Our 20 favourite movies of 2023 – and where to watch them

Flicks writers from Australia, New Zealand and the United Kingdom join forces and count down their top twenty films of the year.

It’s been a big ol’ year. Even with the huge disruption of Hollywood strikes, there’s been a huge amount of quality movies to see—and here we take on the unenviable, highly subjective challenge of ranking the best of the best. Read on and find out where you agree or object to our top twenty of 2023, a list that includes movies we saw at film festivals, general cinema release or streaming.

In putting this top twenty list together, our writers were asked for a list of at least ten films, with 100 points to allocate across their picks (and a maximum of 40 points per film). With the resulting lists aggregated into one, this methodology allowed our writers to champion the films released in cinemas or on streaming this year that they felt most passionate about, and the results reflect a great year of movie-watching—with plenty of recommendations for readers.

Writers from Australia, New Zealand and the United Kingdom contributed to these final rankings. Collectively, their lists featured a staggering total of 79 films, speaking to the vast amount of strong releases this year.

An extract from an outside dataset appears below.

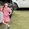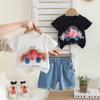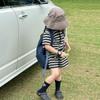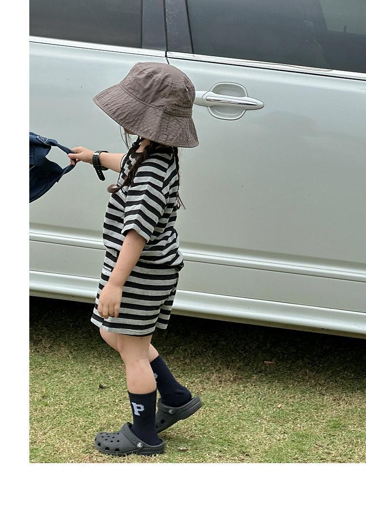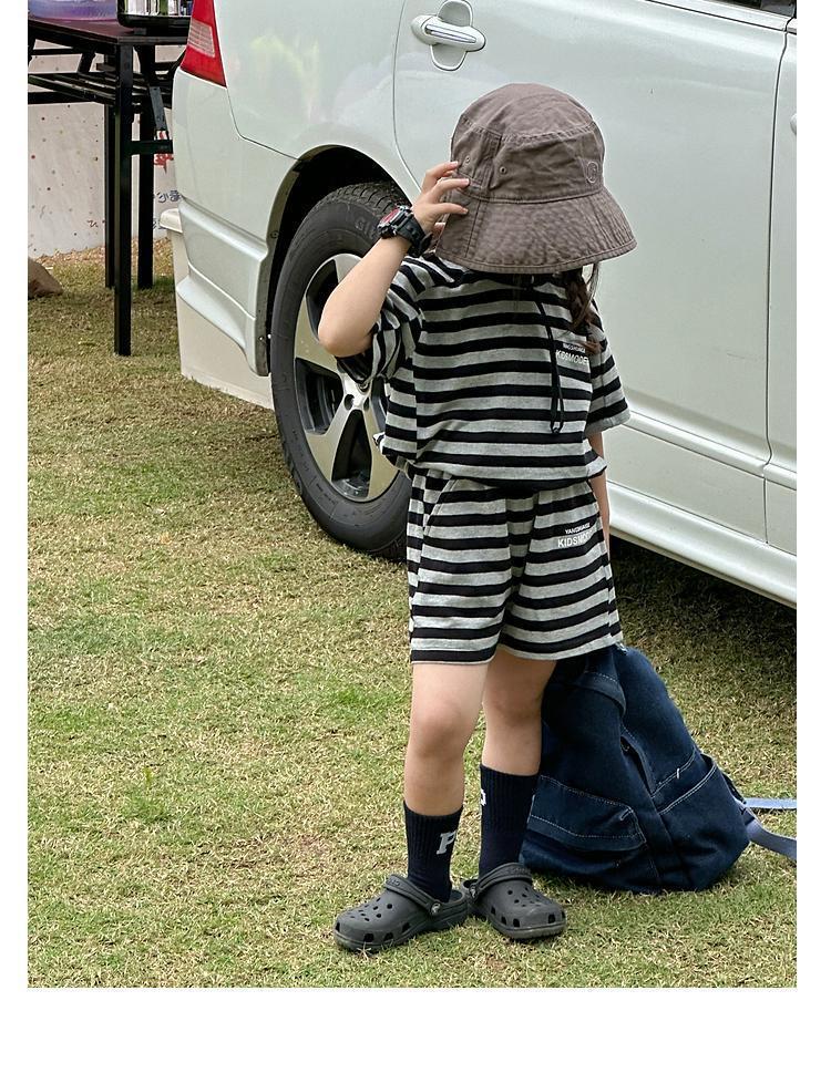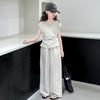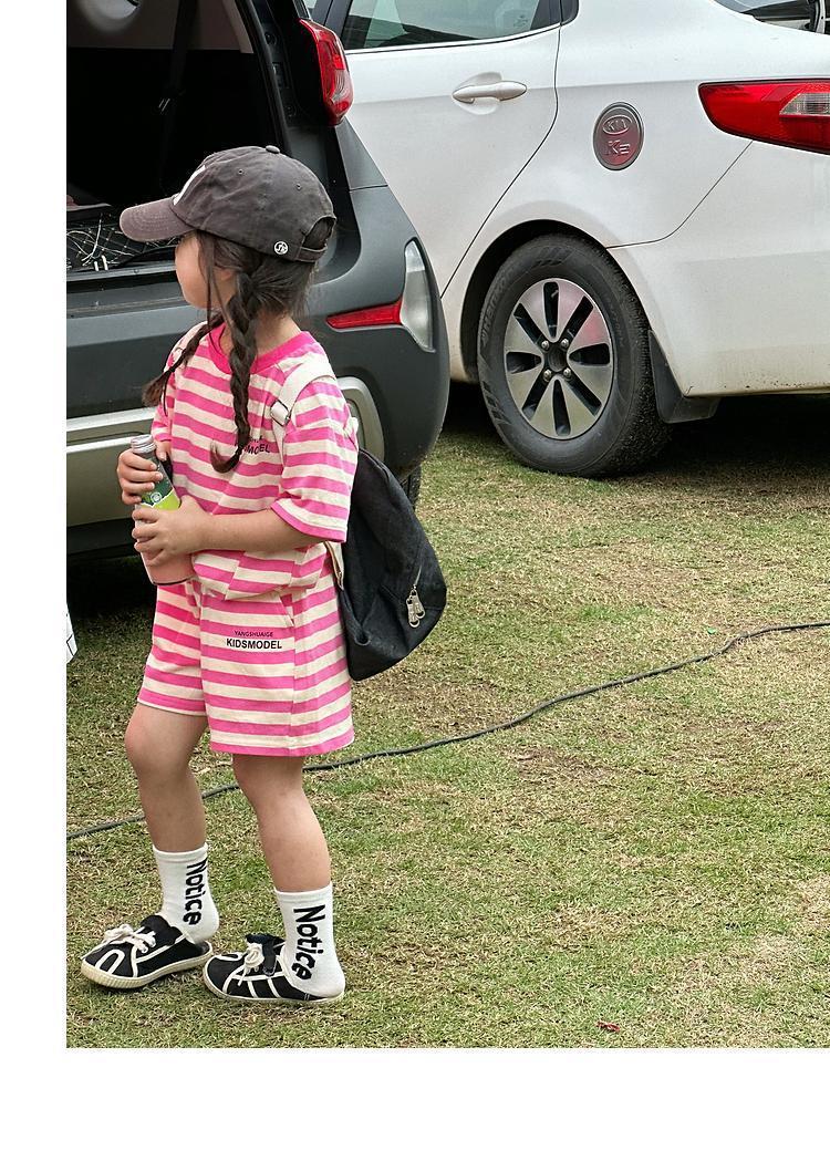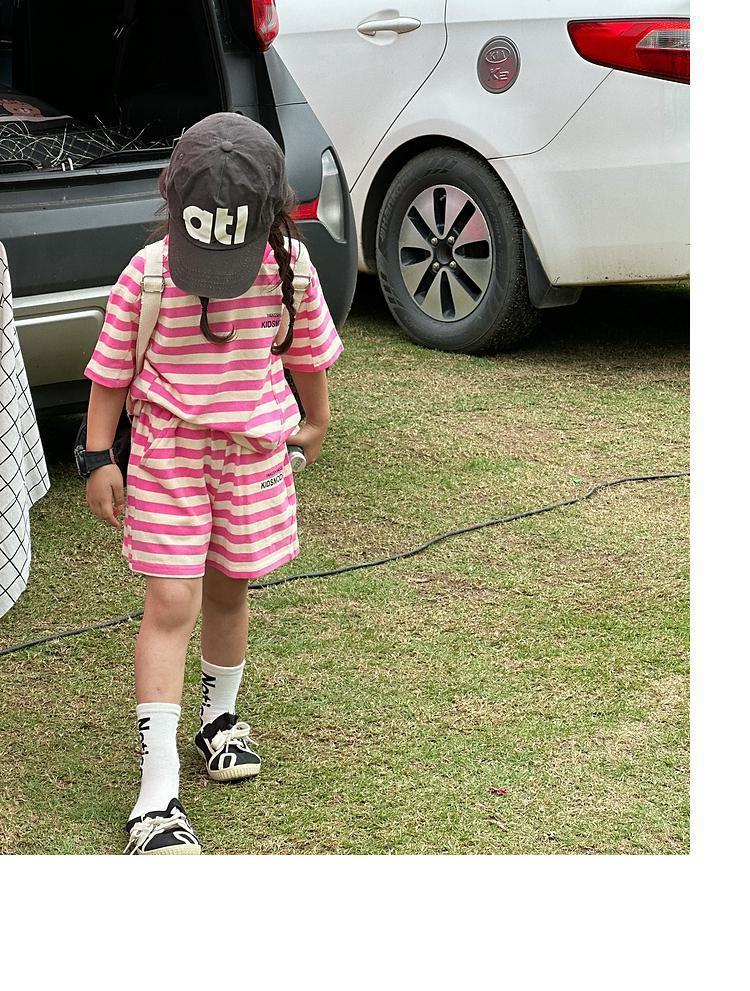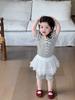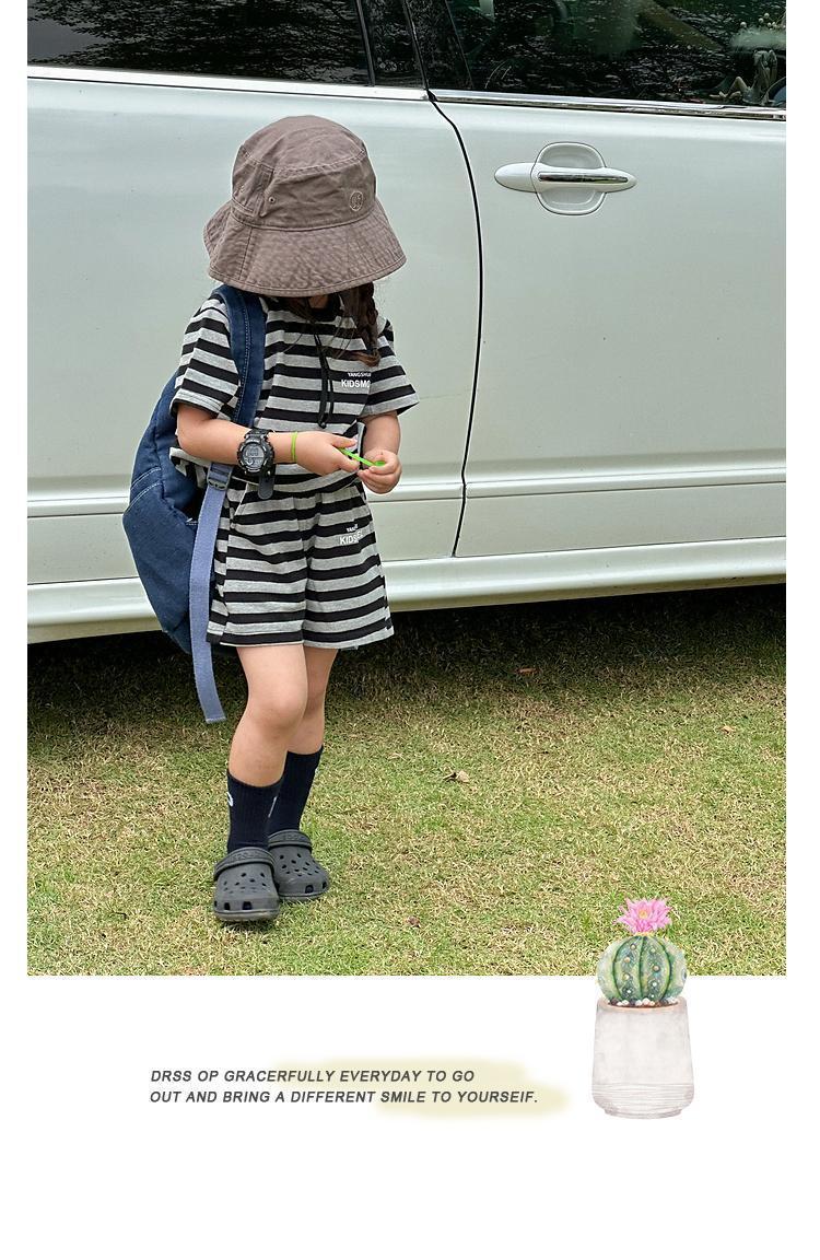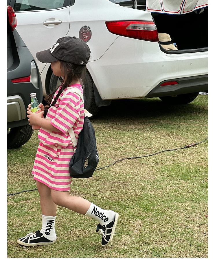 Traje a rayas para niños estilo coreano 2025 Verano Nuevo Bebé Elegante Manga Corta Niñas Casual Moderno Conjunto de dos piezas

This top twenty reflects where they found (some) agreement—and as with last year, it’s interesting to see that no one film appeared on every single list.

A big thanks to everyone at Flicks who submitted lists: Amelia Berry, David Michael Brown, Dominic Corry, Lillian Crawford, Adam Fresco, Eliza Janssen, Liam Maguren, Steve Newall, James Nokise, Katie Parker, Amanda Jane Robinson, Stephen A Russell, Daniel Rutledge, Sarah Thomson and Tony Stamp.

Where possible, each entry quotes from Flicks coverage published at the time of release.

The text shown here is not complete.